V-3. Antrean yang Menegangkan

980 114 18
                                    

Kalau aku tak bisa mengendalikan diri, mungkin aku sudah melompat ke tengah lapangan, menubruk Heii-xa, dan meminta semua pendukungnya mengarak sang akla dalam parade kemenangan.

Aku tahu Heii-xa pasti menang. Prestasi dan statistiknya sudah membuktikan itu. Walau begitu, kuakui Lofelin-ha adalah lawan yang berat. Ada saat-saat ketika kami memekik panik karena serangan Lofelin-ha yang mengancam posisi Heii-xa sebagai calon pemenang. Meski bertubuh kecil, Lofelin-ha sangat agresif dan menakutkan saat bertanding. Ia mengingatkanku pada semut-semut merah yang pernah kutindas saat kami belajar berkebun di sekolah awal dulu. Semut-semut itu langsung menggerayangi dan menggigitiku tanpa ampun sampai aku harus dilarikan ke ruang medis. Saat dirawat, guruku mulai menceramahiku soal menghormati habitat makhluk lain dan akibat dari perbuatan semena-mena. Aku belajar banyak dari ceramahnya. Namun, ada satu hal lain yang kupelajari di luar itu: Ukuran makhluk hidup tak selalu berbanding lurus dengan keganasannya.

Bersama semua pendukung Heii-xa, aku bersorak saat akla favorit kami melepas helm dan membungkuk hormat pada penonton. Setelah itu giliran Lofelin-ha. Sorakan kami terhenti ketika melihatnya berurai air mata. Farha bertepuk tangan hormat untuknya. Seluruh arena memberikan penghormatan untuknya. Aku juga ikut bertepuk. Dari bisik-bisik yang kudengar, cita-cita terbesar Lofelin-ha adalah bertanding melawan kembarannya dalam Pertandingan Kehormatan. Meski ia bukan akla favoritku, sulit untuk tidak menaruh hormat pada orang-orang yang memperjuangkan mimpi mereka.

"Eh? Kau tak mau mengucapkan selamat pada Leyzo Neveliz dulu?" tanya Farha ketika aku mengajaknya keluar arena.

"Nanti saja lewat chat. Kalau sekarang sepertinya akan sulit. Aku yakin Heii-xa langsung ke area khusus akla untuk disambut rekan-rekan aklanya dan beristirahat."

Lagi pula aku belum tahu harus menjawab apa kalau dia mulai membahas Madie Canaih, sambungku dalam hati.

Kami pun keluar arena pertandingan. Karena cuaca cukup terik, Farha menyarankan agar kami minum dulu di kafetaria. Sebenarnya aku tak begitu haus. Akan tetapi, aku setuju karena ayahku tampak sedikit terkuras. Hari ini Farha harus mengurus kargo barang kami yang baru tiba pagi tadi. Aku ingin membantu. Namun, Farha mendesakku agar segera mendaftar karena khawatir pendaftaran tak akan buka sampai sore.

Tiba di kafetaria, Farha segera mengantre di kios produk susu sementara aku bergegas menuju kios jus. Aku senang ketika melihat antrean pria di sana kosong. Tanpa ragu, kuambil tempat paling depan.

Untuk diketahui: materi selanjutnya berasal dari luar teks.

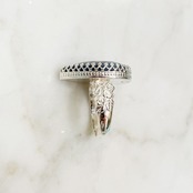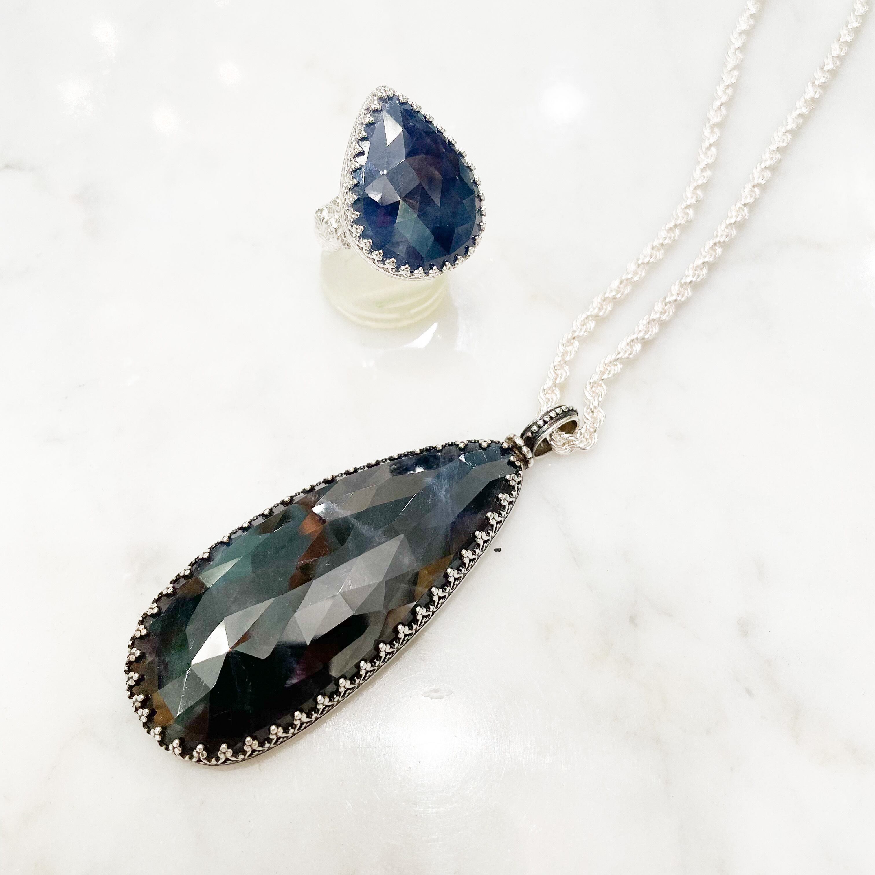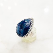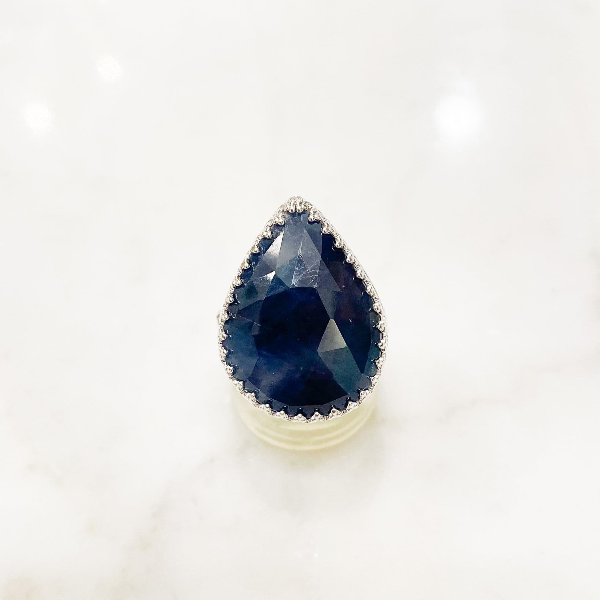 シルバーで王冠留めされたしずく型のサファイア(19.27ct)の指輪

"Mazo, antreannya dimulai dari sini."

Suara bernada tegas itu berasal dari belakang antrean. Aku menoleh dan melihat seorang gadis berambut hitam berombak sepanjang bahu menatapku tajam. Kontan aku merasa gugup. Secara umum aku memang malu terhadap perempuan. Namun, kali ini ada faktor lain yang membuatku salah tingkah.

Wajah gadis itu manis sekali. Sorot matanya memang menakutkan. Walau begitu, binar abu-abu dari kedua matanya tampak indah dan pipinya yang merona membuatnya tampak semakin manis. Kedua alisnya yang berbentuk huruf "s" pun menambah kesan cantik pada profilnya. Sayang, postur tubuhnya kurang bagus. Ia sedikit bungkuk dan tampak seperti orang yang kurang percaya diri ... atau mungkin hanya kurang olahraga?

"Oh," kataku berusaha bersikap normal. "Setahuku di Canaih antrean laki-laki dan perempuan dipisah, tetapi kalau aku salah aku akan mengantre di belakangmu, Maze."

Aku sangat berharap aku benar mengenai aturan mengantre ini. Tak bisa kubayangkan diriku berdiri tepat di belakang gadis itu. Bisa-bisa wajahku berubah seperti lobster rebus saking merahnya.

"Tidak, Leyzo. Kau benar," sela seorang perempuan paruh baya di bagian depan antrean perempuan. "Antrean laki-laki dan perempuan di Canaih memang dipisah. Jadi Leyze, Leyzo ini tidak melanggar antrean."